PROBLEM TO WORK ON: All records are to be reproduced verbatim, with images omitted.

START DATA FOR REVIEW

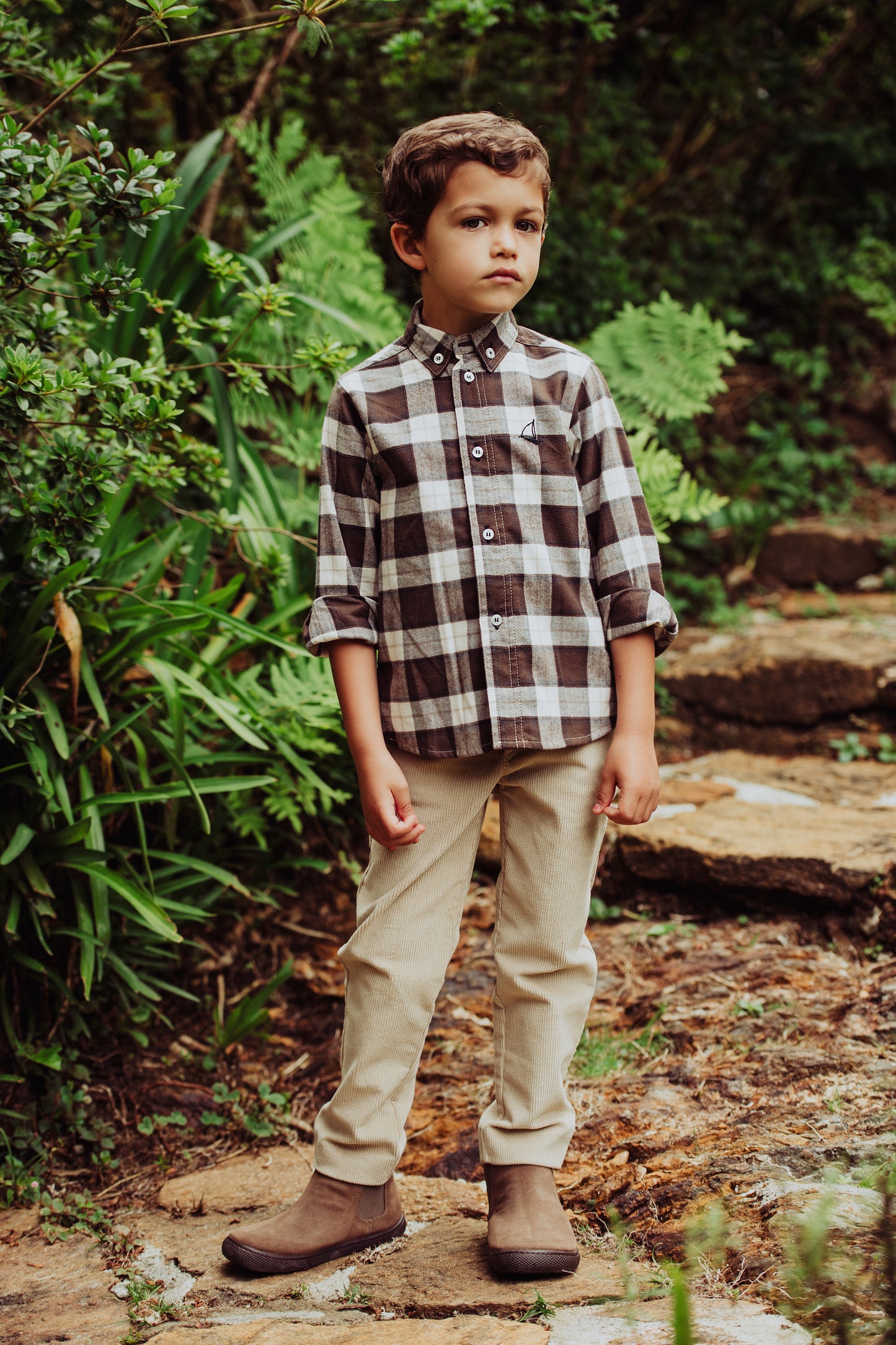 Beige pants for boys from the Spanish brand Foque. Made from fine, lightweight, and soft corduroy with a touch of stretch for added comfort. These casual, classic, and elegant pants feature slanted front pockets and welt pockets on the back. They fasten with a button and zipper and have an adjustable waistband for a comfortable fit on any waist.
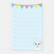 Niedlicher Lama-Cartoon und farbenfrohe Bänder und Fahnen auf hellblauen To Do List-Noten. Alle Farbtöne sind mit der Farbe Rot, der Liebe, verknüpft!
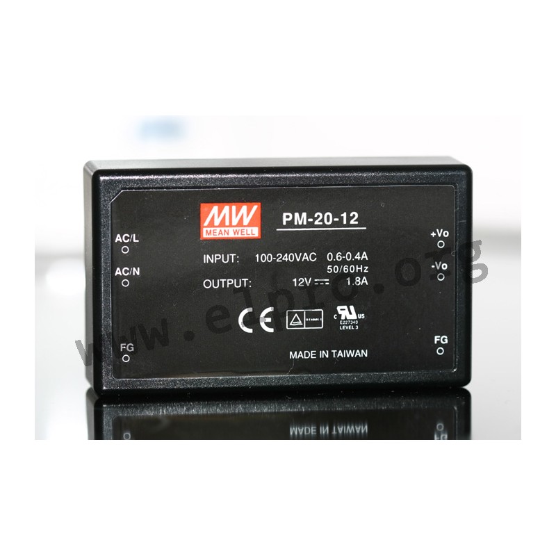 Schaltnetzteile im geschlossenen Gehäuse (PCB) mit 21W, geringer Leerlaufleistung und Universaleingang. Diese Geräte sind für medizinische Anwendungen geeignet (2xMOPP) und gegen Überlast (auto recovery) sowie Kurzschluss geschützt. Sie sind für die Montage auf Leiterplatten geeignet und entsprechen EN60601-1. Wir bieten die Ausführung PM-20-15 dieser Mean Well Serie an.
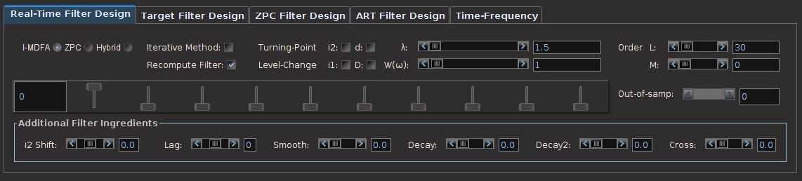 - Signal – The plot of the signal in real-time. When new data becomes available, the signal is automatically computed and replotted in real-time. This gives one the ability to closely monitory how the current filter is reacting to the incoming data.
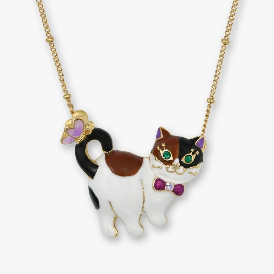 ゴシックでロマンティックな世界観が魅力の『ANNA SUI』からは、アイコンキャットである「TITI(ティティ)」シリーズの新作アクセサリーが登場しました。今回の主役は、振り返る仕草が愛らしい三毛猫モチーフ。パープルのリボンや尻尾にとまった蝶など、ブランドらしい幻想的なディテールが光るデザイン。
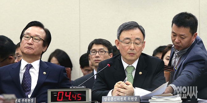 14일 오후, 서울 여의도 국회 미래창조과학위원회 회의실에서 열린 2014 국정감사에서 방통위 관계자가 최성준 방통위원장에게 답변자료를 건네고 있다.
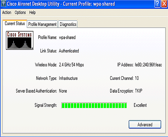 En este ejemplo, el nombre del perfil y el SSID son wpa-shared.
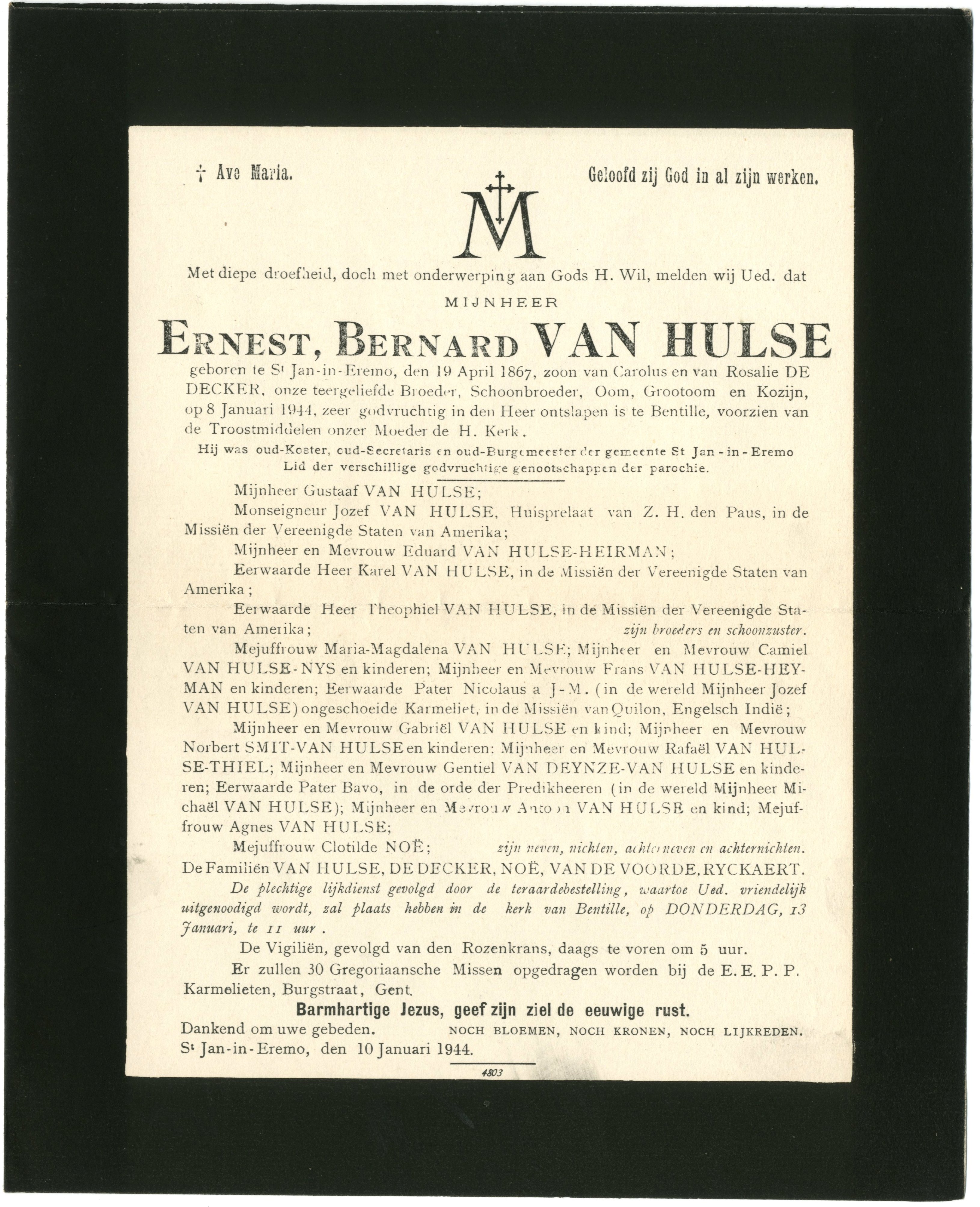 Van Driessche, Hypolitus - Henricus (° Deftinge - + Goefferdinge 10/12/1877, oud 55 j.) e. Cosyns, Maria - Julianna

END DATA FOR REVIEW

OUTPUT FOR THIS TASK:
 Beige pants for boys from the Spanish brand Foque. Made from fine, lightweight, and soft corduroy with a touch of stretch for added comfort. These casual, classic, and elegant pants feature slanted front pockets and welt pockets on the back. They fasten with a button and zipper and have an adjustable waistband for a comfortable fit on any waist.
 Niedlicher Lama-Cartoon und farbenfrohe Bänder und Fahnen auf hellblauen To Do List-Noten. Alle Farbtöne sind mit der Farbe Rot, der Liebe, verknüpft!
 Schaltnetzteile im geschlossenen Gehäuse (PCB) mit 21W, geringer Leerlaufleistung und Universaleingang. Diese Geräte sind für medizinische Anwendungen geeignet (2xMOPP) und gegen Überlast (auto recovery) sowie Kurzschluss geschützt. Sie sind für die Montage auf Leiterplatten geeignet und entsprechen EN60601-1. Wir bieten die Ausführung PM-20-15 dieser Mean Well Serie an.
 - Signal – The plot of the signal in real-time. When new data becomes available, the signal is automatically computed and replotted in real-time. This gives one the ability to closely monitory how the current filter is reacting to the incoming data.
 ゴシックでロマンティックな世界観が魅力の『ANNA SUI』からは、アイコンキャットである「TITI(ティティ)」シリーズの新作アクセサリーが登場しました。今回の主役は、振り返る仕草が愛らしい三毛猫モチーフ。パープルのリボンや尻尾にとまった蝶など、ブランドらしい幻想的なディテールが光るデザイン。
 14일 오후, 서울 여의도 국회 미래창조과학위원회 회의실에서 열린 2014 국정감사에서 방통위 관계자가 최성준 방통위원장에게 답변자료를 건네고 있다.
 En este ejemplo, el nombre del perfil y el SSID son wpa-shared.
 Van Driessche, Hypolitus - Henricus (° Deftinge - + Goefferdinge 10/12/1877, oud 55 j.) e. Cosyns, Maria - Julianna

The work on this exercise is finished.